How the U.S. Compares Globally

Worldwide, the leading cause of maternal death is hemorrhage, followed by hypertensive disorders. These are conditions most closely tied to the physical act of pregnancy and childbirth, and they dominate in low-income countries where access to emergency obstetric care is limited. In high-income countries, the picture shifts. Complications from abortion and miscarriage, ectopic pregnancy, and cardiovascular conditions carry more relative weight.

The U.S. stands out among wealthy nations for the prominence of overdose, homicide, and suicide in its maternal death statistics. This reflects both the country’s opioid crisis and high rates of gun violence, problems that intersect with pregnancy in ways the healthcare system has been slow to address.

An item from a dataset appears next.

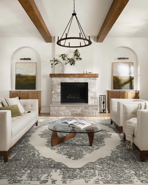 Hooked of 100% wool pile by skilled artisans in India, the Annie Collection for Magnolia Home by Joanna Gaines is acclaimed for its soft texture yet durable construction. Annie features designs that balance distressed motifs in delicate, muted colors that resonate for today’s home. Crafted by Loloi.

Most Deaths Are Preventable

More than 80 percent of pregnancy-related deaths in the U.S. are considered preventable. That assessment comes from the CDC and state-level Maternal Mortality Review Committees, which examine each case and determine whether reasonable changes by patients, families, providers, hospitals, or community systems could have altered the outcome. Preventable does not mean the fix was simple. It means there was at least some chance the death could have been avoided.

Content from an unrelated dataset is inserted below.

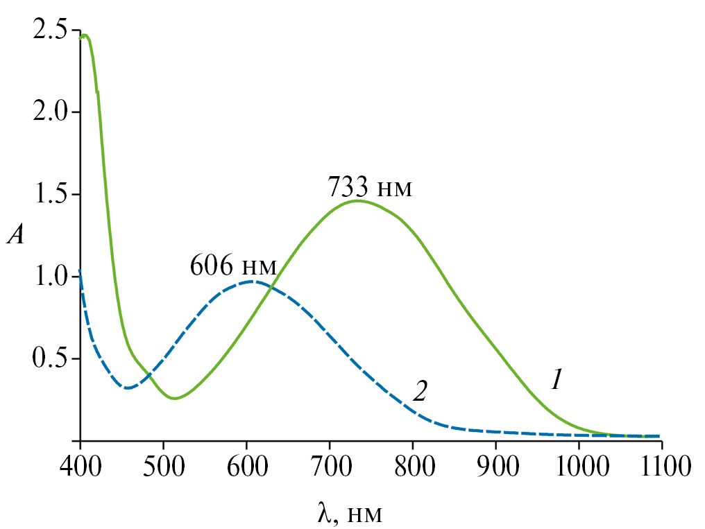 Соединение I не содержит координированного растворителя и поэтому имеет полимерную структуру. Напротив, в соединении II атом диспрозия координирует одну молекулу ДМЭ, что способствует образованию мономерного комплекса. Чтобы доказать образование мономерной структуры комплекса II присутствием молекул ДМЭ в координационной сфере диспрозия, была проведена реакция эквимольных количеств исходного соединения [(Dpp-bian)DyI(Dme)2] и Cp*K в координирующемся ДМЭ. В процессе реакции цвет раствора изменяется с синего на зеленый, а последующая кристаллизация из бензола приводит к образованию кристаллов комплекса II с выходом 48%. Его состав и строение подтверждены ИК-спектроскопией и методом РСА. Наличие полосы валентных колебаний одинарной связи C–N в ИК-спектрах комплексов I и II (1306 и 1300 см–1 соответственно) подтверждает дианионное состояние лиганда Dpp-bian. Универсальным инструментом для определения состояния восстановления Dpp-bian в комплексах металлов в растворе является УФ-спектроскопия, поскольку значения максимумов поглощения (Dpp-bian)0, (Dpp-bian)− и (Dpp-bian)2– существенно различаются [42]. Из-за своей полимерной природы соединение I плохо растворимо в бензоле: при растворении образуется слегка окрашенный в зеленый цвет раствор с максимумами пропускания и поглощения при 513 и 733 нм соответственно (рис. 1). Спектр соединения II в бензоле имеет максимум поглощения при 606 нм (синий цвет, максимум пропускания 465 нм) (рис. 1), что характерно для комплексов лантаноидов(III) с дианионным аценафтен-1,2-дииминовым лигандом Dpp-bian. Так, максимум поглощения раствора комплекса [(Dpp-bian)Sm(m-Br)(Dme)]2 в ТГФ составляет 640 нм [20], а соединения иттербия [(Dpp-bian)Yb[SC(S)NMe2](Dme)] в ДМЭ — 691 нм [43]. Из-за высокой чувствительности соединений I и II к кислороду и влаге коэффициенты экстинкции не могли быть достоверно определены.

Only 11 percent of maternal deaths happen on the day of delivery. The vast majority occur before or, more commonly, after leaving the hospital. That timing gap highlights a core problem: the highest-risk window for new mothers extends months past the point where most medical attention ends. Many women have a single postpartum checkup at six weeks and then no routine contact with a provider for the rest of the year, precisely when overdose, cardiac events, and violence are most likely to occur.